To drive away bad spirits and to celebrate the future of their children, families hoist koinobori (cloth carp streamers) from balconies and flagpoles.

Koi Carp streamers represent the tales of strength, stamina and drive of the carp as it swims upstream against the flow of the river current.

Koinobori - The carp streamers are arranged in a manner that the head of the family is placed at the top.

It also serves as an expression of the family wish that their children will grow up strong and be able to successfully face the challenges that life will bring.

As you can see, the largest fish represents the head of the family, while the smallest would most probably represent the youngest child. Blue is usually used to represent the youngest in the family.

Doll me up


Kintaro dolls are usually put on display indoors on children’s day.

Kintaro is a Japanese folk hero. Stories have been written about his superior strength, bravery and his rise to the status of a famous warrior as an adult. With all the build up on his strength and bravery, you must be thinking that Kintaro has a really bushy moustache and grouch eyebrows. On the contrary, Kintaro actually looks very cute. Take a look for yourself.
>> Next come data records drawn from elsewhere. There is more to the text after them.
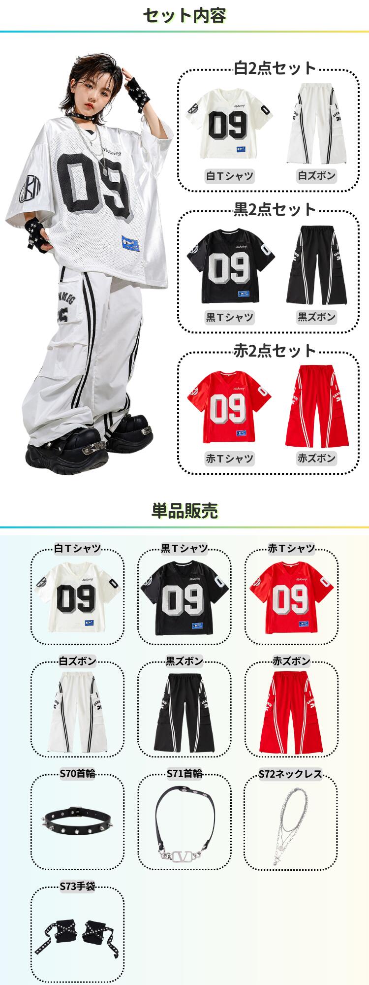 黒 白 赤 ダンス 衣装 ヒップホップ キッズ スーツ カジュアルセットアップ カジュアルパンツセット 続々登場 白2点セット 黒2点セット 赤2点セット 白Tシャツ単品 黒Tシャツ単品 赤Tシャツ単品 白ズボン単品 黒ズボン単品 赤ズボン単品 S70首輪単品 S71首輪単品 S72ネックレス単品 S73手袋単品 110cm 120cm 130cm 140cm 150cm 160cm 170cm 180cm フリーサイズ
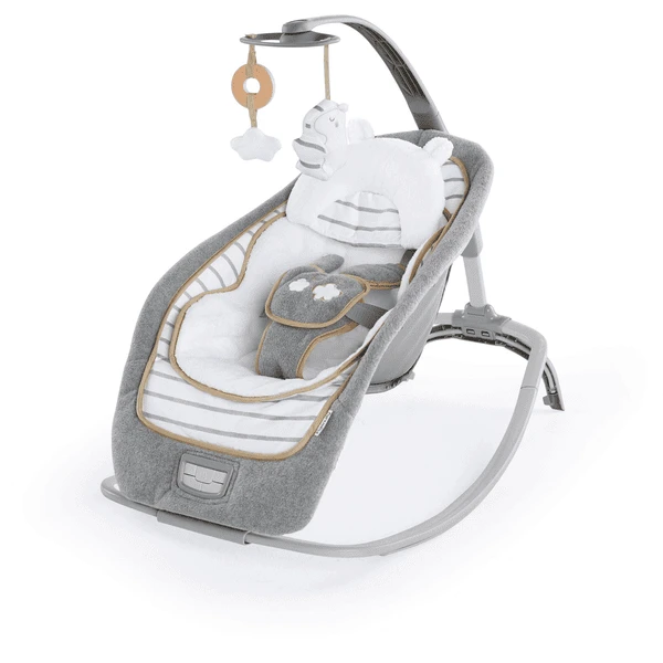 Este sillón reclinable modern e ofrece una opción única de respaldo con tres posiciones muy diferentes para que su bebé esté lo más cómodo posible. Este asiento se balancea pero también puede convertirse en un asiento fijo con vibraciones relajantes, sonidos de la naturaleza y música. La barra de juguetes se puede retirar para que el asiento se convierta en una práctica mecedora a medida que el bebé crece.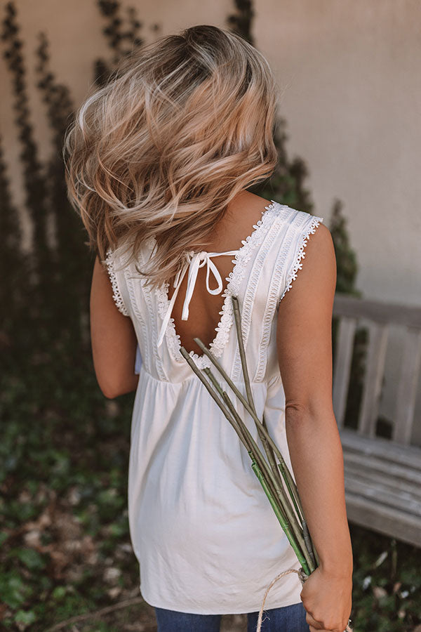 This serene tank features crochet trim on the neckline and wide straps, a breezy bodice, and a v-back with a tie closure across the shoulders! Style with some distressed skinny jeans, oversized sunnies, and a compact clutch for an enchanting everyday outfit that can be worn to the farmers market and then to brunch! Measurements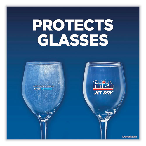 Simply fill your machine’s rinse aid compartment with Finish Jet-Dry 3-in-1 to solve three problems at onceit rinses, dries, and shines what detergent alone can’t! Rinses away leftover food and film. Dries left behind water droplets. Clears spots for a brilliant shine. Easy to use, simply refill the rinse aid compartment every few weeks, not every wash.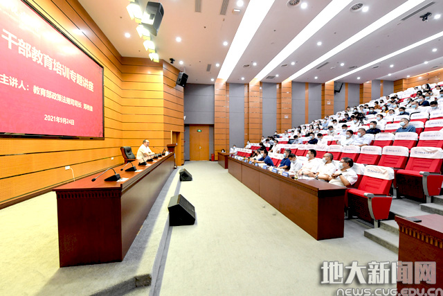 地大新闻网讯(记者许小康 田甜)9月24日,学校在南望山校区东区教学综合楼召开党委理论学习中心组学习(扩大)会议,专题学习习近平总书记在庆祝中国共产党成立100周年大会上的重要讲话精神,教育部政策法规司司长邓传淮应邀作专题辅导报告。全体校领导、党委常委、校长助理,机关全体中层干部,各学院(培养单位)党委书记、副书记、2022届毕业生辅导员参加会议。党委书记黄晓玫主持会议。
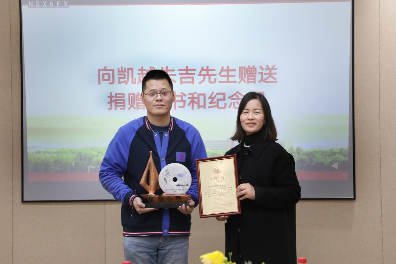 为表达商院学子的感激之情,凯越获奖学生组织代表华安琪和梅依琳向凯越集团总裁助理朱吉先生赠送感恩礼物,手作礼物代表着获奖学子满满的感谢之情,帆船之型也预祝着凯越集团业务能够乘风破浪。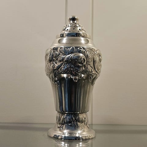 Sølv sukkerskje med vridd skaft og bladformet skjeblad. "Norge" og dekor i blå og hvit emalje. Produsert av David Andersen.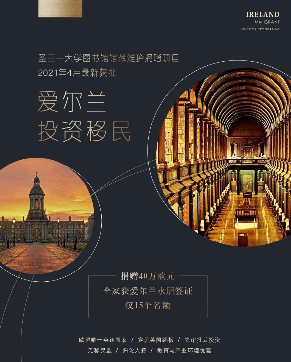 捐赠40万欧元到已获批的都柏林圣三一大学图书馆馆藏维护捐赠项目,仅15个名额。爱尔兰最高学府,与牛津剑桥齐名;投资人家庭将有机会与圣三一大学的领导和学者进行更多互动,与这所世界名校结缘。已获批项目,无拒签风险!

A Kintaro doll put on display indoors.

Lets hope Kintaro does not appear in my dreams to throw a punch at my face for calling him cute.



“Nom Nom’s”

Kashiwamochi is a customary food that is eaten on Children’s Day in Japan.
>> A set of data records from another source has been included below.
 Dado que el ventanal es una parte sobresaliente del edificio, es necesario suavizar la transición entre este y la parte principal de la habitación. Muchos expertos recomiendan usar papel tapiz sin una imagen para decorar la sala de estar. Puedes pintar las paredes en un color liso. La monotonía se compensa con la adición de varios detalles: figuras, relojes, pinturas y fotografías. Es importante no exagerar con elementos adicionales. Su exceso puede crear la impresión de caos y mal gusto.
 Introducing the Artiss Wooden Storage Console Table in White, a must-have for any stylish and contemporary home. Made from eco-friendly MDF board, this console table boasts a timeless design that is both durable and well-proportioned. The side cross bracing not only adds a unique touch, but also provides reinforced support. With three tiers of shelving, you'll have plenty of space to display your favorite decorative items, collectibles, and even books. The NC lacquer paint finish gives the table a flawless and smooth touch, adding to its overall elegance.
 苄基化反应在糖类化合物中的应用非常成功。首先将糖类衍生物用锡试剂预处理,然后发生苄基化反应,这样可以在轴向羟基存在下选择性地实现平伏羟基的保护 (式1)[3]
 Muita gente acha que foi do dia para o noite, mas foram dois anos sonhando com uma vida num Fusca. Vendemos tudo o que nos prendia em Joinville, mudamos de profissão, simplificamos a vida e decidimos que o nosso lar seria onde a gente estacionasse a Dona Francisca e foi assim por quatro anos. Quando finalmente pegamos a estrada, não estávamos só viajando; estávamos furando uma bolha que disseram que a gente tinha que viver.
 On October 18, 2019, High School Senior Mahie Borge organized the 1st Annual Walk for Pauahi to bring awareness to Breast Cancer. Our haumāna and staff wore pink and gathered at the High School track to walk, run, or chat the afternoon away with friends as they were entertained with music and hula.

To make mochi, one has to take cooked rice and pound it until it becomes a sticky pulp. Sounds easy. But it certainly is not, as it can take hours to reach the correct consistency.

The process of pounding the rice to make mochi

The mochi (sticky rice) is then used to form a rice cake, which is stuffed with yam paste and wrapped in oak leaves.
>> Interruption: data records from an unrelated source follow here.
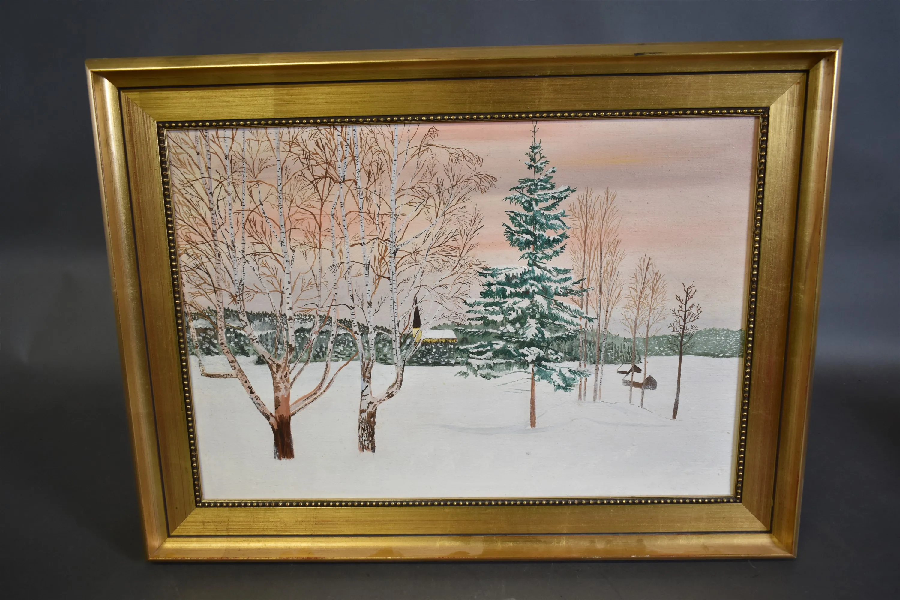 16431. Olja på duk, vinterlandskap, yttermått 79x59 cm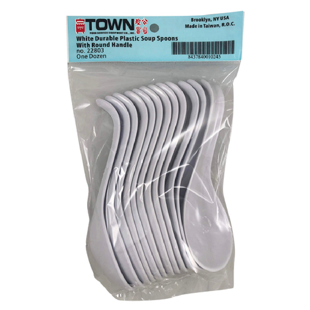 Town 22803/GR Chinese Soup Spoon With Hook Handle White Plastic (case Of 12 Dozen) -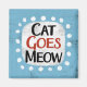 "Cat Goes Meow" is a fun text design with a white accent shape surrounded by white whimsical textured dots.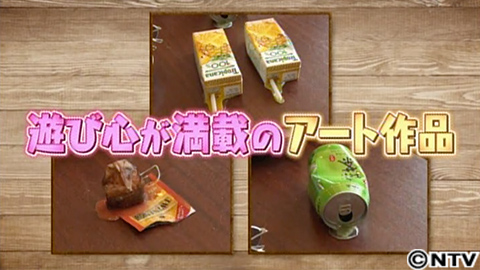 畑仕事を終え、部屋に戻ってきた所さん。あるものを見せてくれました。レジンという、紫外線で固まる樹脂と絵の具をまぜて、飲みっぱなしのジュースを再現したもの。さらに、使ってほったらかしにされたティーバッグ。

Kashiwamochi wrapped in Oak leaves

Chimaki (a dumpling wrapped in bamboo leaves) is also eaten.

Chimaki wrapped in bamboo leaves

Bath Time

Syobuyu is the bath that families take on Children’s Day. These hot baths are sprinkled with iris leaves and roots. This is because the iris is thought to promote good health and ward off evil.

Syobuyu is the bath which families take on Children's day . It is sprinkled with iris leaves and roots

Iris leaves were also believed to have the mysterious power of extinguishing fire and for this reason, in rural areas today, people still use iris leaves as a talisman against the possible outbreak of a fire or presence of evil spirits.

Carp, Samurai’s, irises, oak trees and bamboos. What’s the link? All of these items symbolize strength and are therefore used in abundance on Children’s Day. No one messes with nature.

I am child. Hear me roar!

A more recent event that has come to be celebrated on “Kodomo no Hi” is the Children’s Day Olympics at the National Kasumigaoka Stadium. This is a big event and even includes a torch ceremony at the beginning of the games.

Japan sure knows how to party.

Other than all the funky Japanese words, what do we learn from the Japanese celebrating Children’s Day?

The Children's Olympics held on Kodomo No Hi

All these customs and traditions that are repeated year after year are performed to stress the importance of respecting the character of children and promoting their happiness and health.  They remind themselves, that the greatest lessons can be learnt from children, and even the most courageous personality can be found in the smallest of forms. Children.

Happy Children's Day !

TheAsianparent wishes you a Happy Children’s Day!!